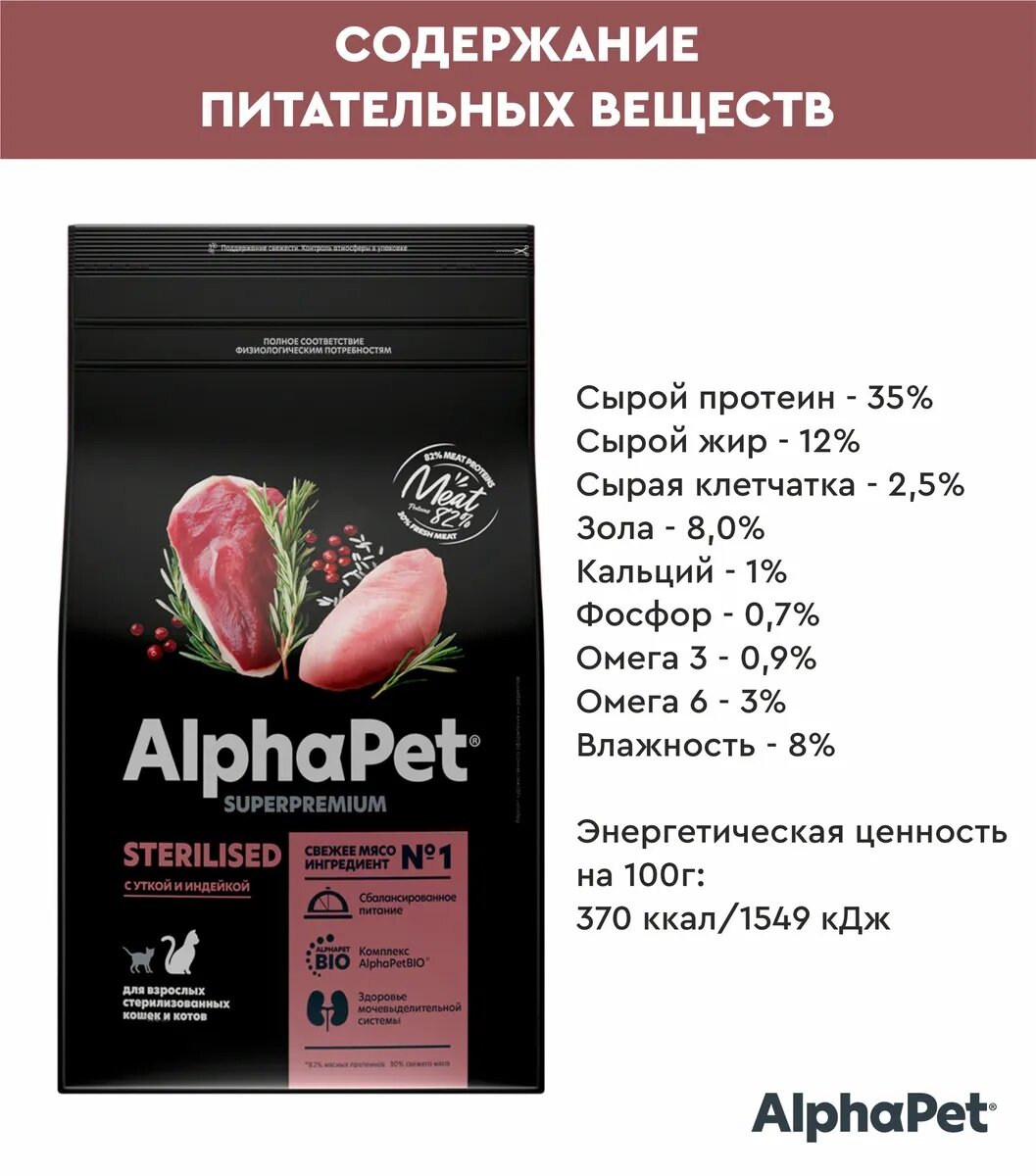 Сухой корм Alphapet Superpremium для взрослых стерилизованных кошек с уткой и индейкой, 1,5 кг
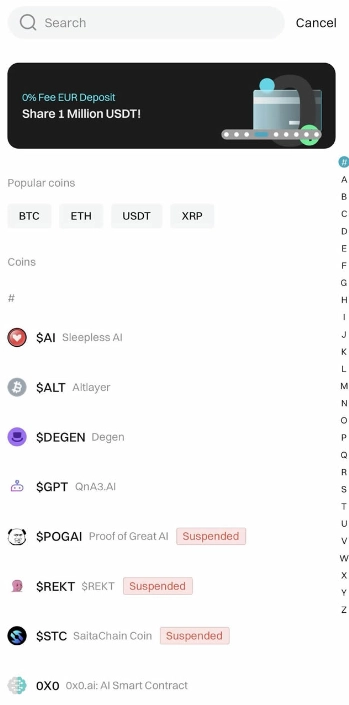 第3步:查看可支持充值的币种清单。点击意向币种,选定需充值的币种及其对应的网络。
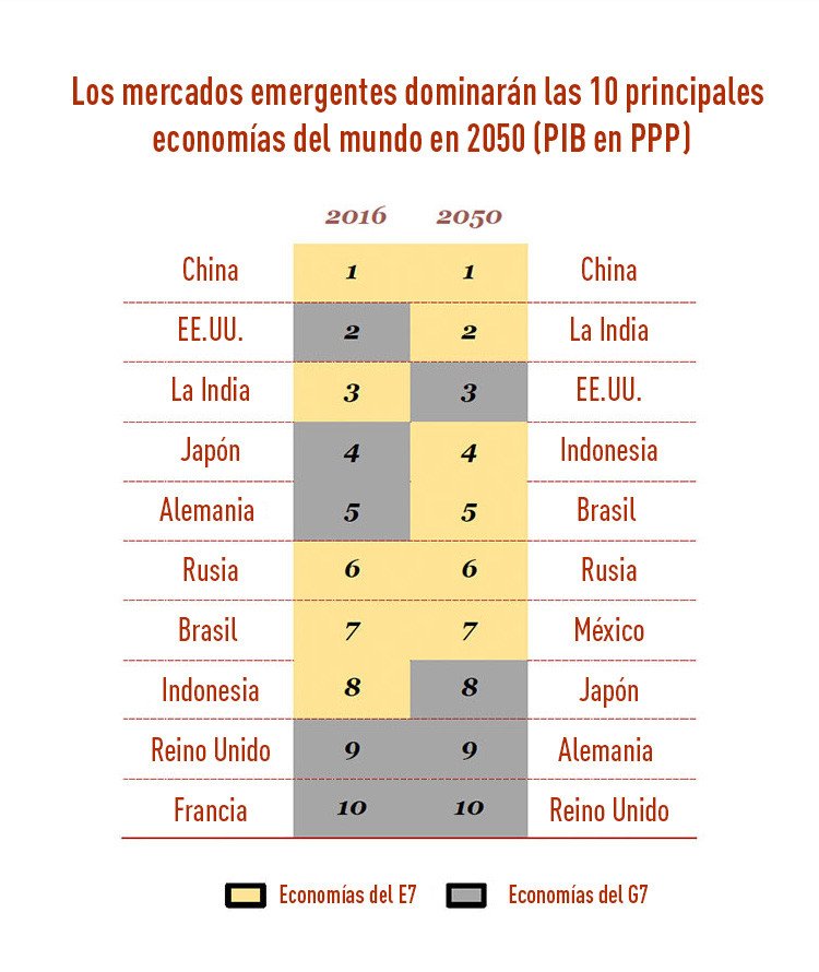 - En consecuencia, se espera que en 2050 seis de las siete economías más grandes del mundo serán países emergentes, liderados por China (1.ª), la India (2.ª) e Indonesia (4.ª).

--------

What this task involves: The output has to match the data above line for line, except that pictures are dropped.

Response to the task:
 Сухой корм Alphapet Superpremium для взрослых стерилизованных кошек с уткой и индейкой, 1,5 кг
 第3步:查看可支持充值的币种清单。点击意向币种,选定需充值的币种及其对应的网络。
 - En consecuencia, se espera que en 2050 seis de las siete economías más grandes del mundo serán países emergentes, liderados por China (1.ª), la India (2.ª) e Indonesia (4.ª).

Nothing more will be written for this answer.